5.     Syarat - syarat  berhujjah dengan Maqashid al Syari’ah  
Selanjutnya, dalam sisi legalitas hujjahnya, maqâshid al-syarî’ah haruslah memenuhi empat macam kriteria :[15]
Pertama, maqashid syari’ah haruslah tsabit, (ثابت )
Maksudnya bahwa sebuah hikmah dari pensyari’atan hukum bisa direkomendasikan sebagai tujuan syari’at apabila dapat dipastikan keberadaannya, atau terdapat dzhanni (asumsi) yang mendekati kepastian.

Kedua, maqashid syari’ah haruslah zhahir (ظاهر )
 Dalam artian bahwa para ulama’ tidak mempertentangkan wujud keberadaanya sebagai tujuan syari’at (‘illat). Seperti pensyari’atan nikah yang bertujuan untuk memelihara garis keturunan, tujan semacam ini tidak dipungkiri oleh seorangpun ulama’.

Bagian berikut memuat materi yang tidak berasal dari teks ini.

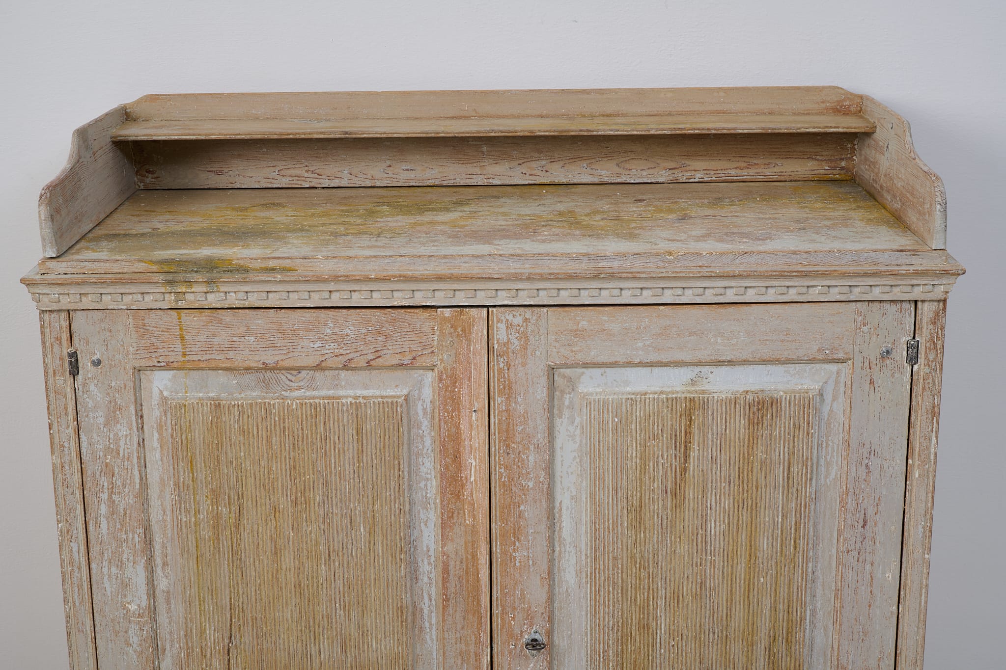 Large genuine Gustavian sideboard from Northern Sweden, made around 1810. The sideboard is crafted from solid pine and scraped by hand down to the original paint. It is adorned with carved wooden decor, and an unusual detail is that the short ends also feature a completely fluted design. Original lock and key in working condition. The interior has two drawers at the top and shelving below. One shelf has some discolouration, about 200 years ago someone spilled writing ink inside. The measurements include the trim. The height to the table top is 117 cm, and with the back shelf and trim adding another 14 cm, the total height is 131 cm.
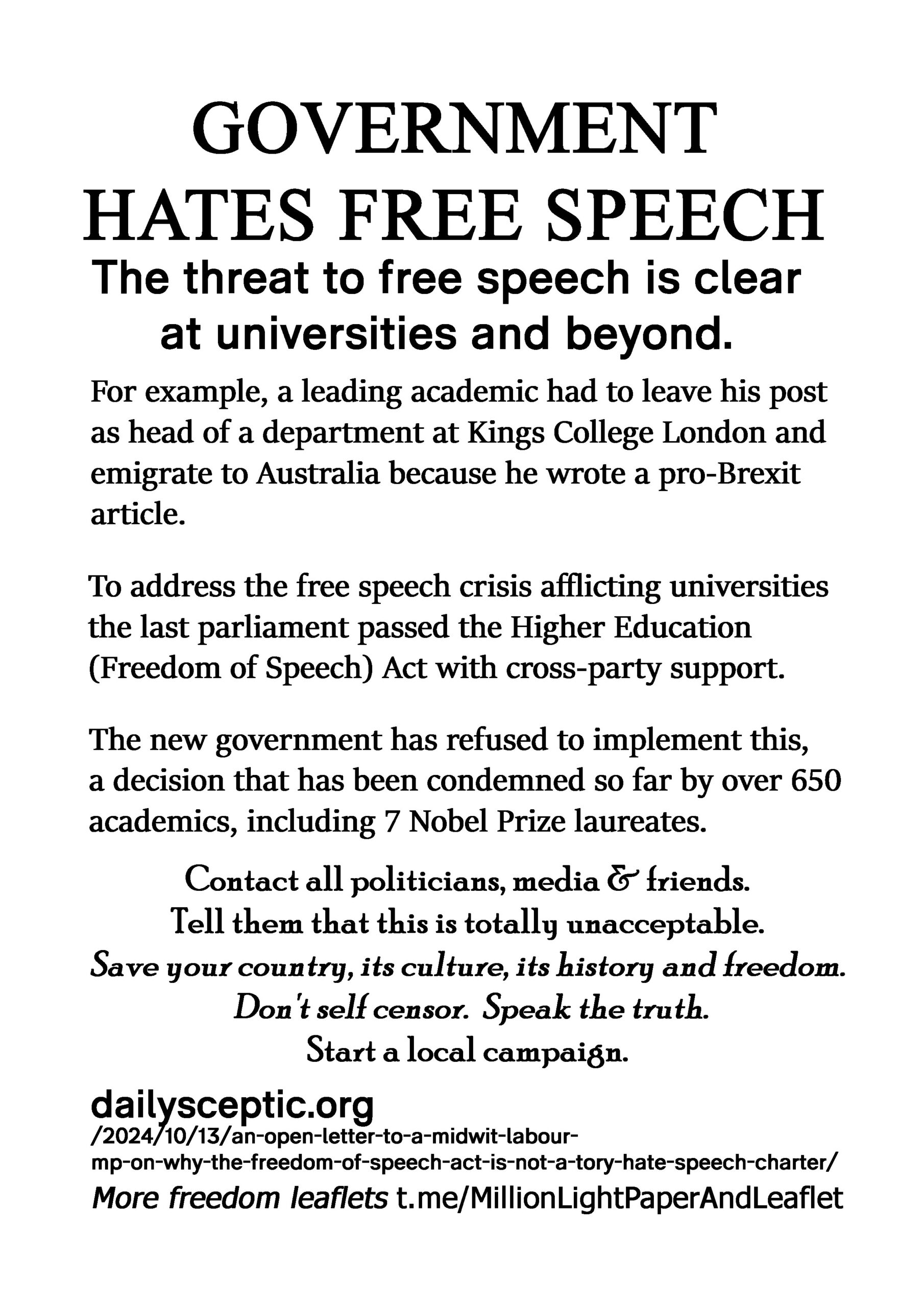Government Hates Free Speech – latest leaflet to print at home and deliver to neighbours or forward to politicians, your new MP, your local vicar, online media and friends online. Start a local campaign. We have over 200 leaflet ideas on the link on the leaflet.

Ketiga, maqashid syari’ah haruslah mundlabith ( منضبط  )
Maksudnya bahwa suatu hikmah harus mempunyai standar yang jelas (jami’ mani’), seperti perlindungan terhadap akal (hifzh al-aql) yang merupakan tujuan diharamkannya khamr.

Keempat, maqashid syari’ah haruslah muththarid ( منطرد )
Maksudnya suatu hikmah haruslah stabil dan berke-sinambungan, tidak berbeda-beda atau berubah karena perbedaan atau perubahan dimensi ruang dan waktu. Seperti keislaman dan kemampuan atas nafkah yang menjadi persyaratan dari kafa’ah dalam nikah. Dengan demikian setiap hikmah yang telah memenuhi keempat kriteria di atas, bisa dinyatakan sebagai maqashid syari’ah. Sedangkan hal-hal yang hanya berdasarkan wahm (kemungkinan tanpa dasar) atau tahayyul (imajinasi) dapat dipastikan bukan merupakan maqashid al-syari’ah.[16]

6.      Klasifikasi Maqashid al Syariah
Maqasid al Syariah berdasarkan tujuannya terbagi dua :[17]
A)   Maqasid Syari'
Yaitu maqasid yang diletakkan oleh Allah dalam mensyariatkan hukum. Tujuannya adalah ( jalbil masholih wa daf’il madhorroh) menarik kebaikan dan menolak kejahatan di dunia dan di akhirat. Menurut as-Syatibi, Maqasid Syari' terbagi empat bagian:
1.      Tujuan Syari' (Allah) menciptakan Syariat .
2.      Tujuan Syari' (Allah) menciptakan Syariat untuk difahami.
3.      Tujuan Syari' (Allah) menjadikan Syariat untuk dipraktikkan.
4.      Tujuan Syari' (Allah) meletakkan mukallaf di bawah hukum Syarak.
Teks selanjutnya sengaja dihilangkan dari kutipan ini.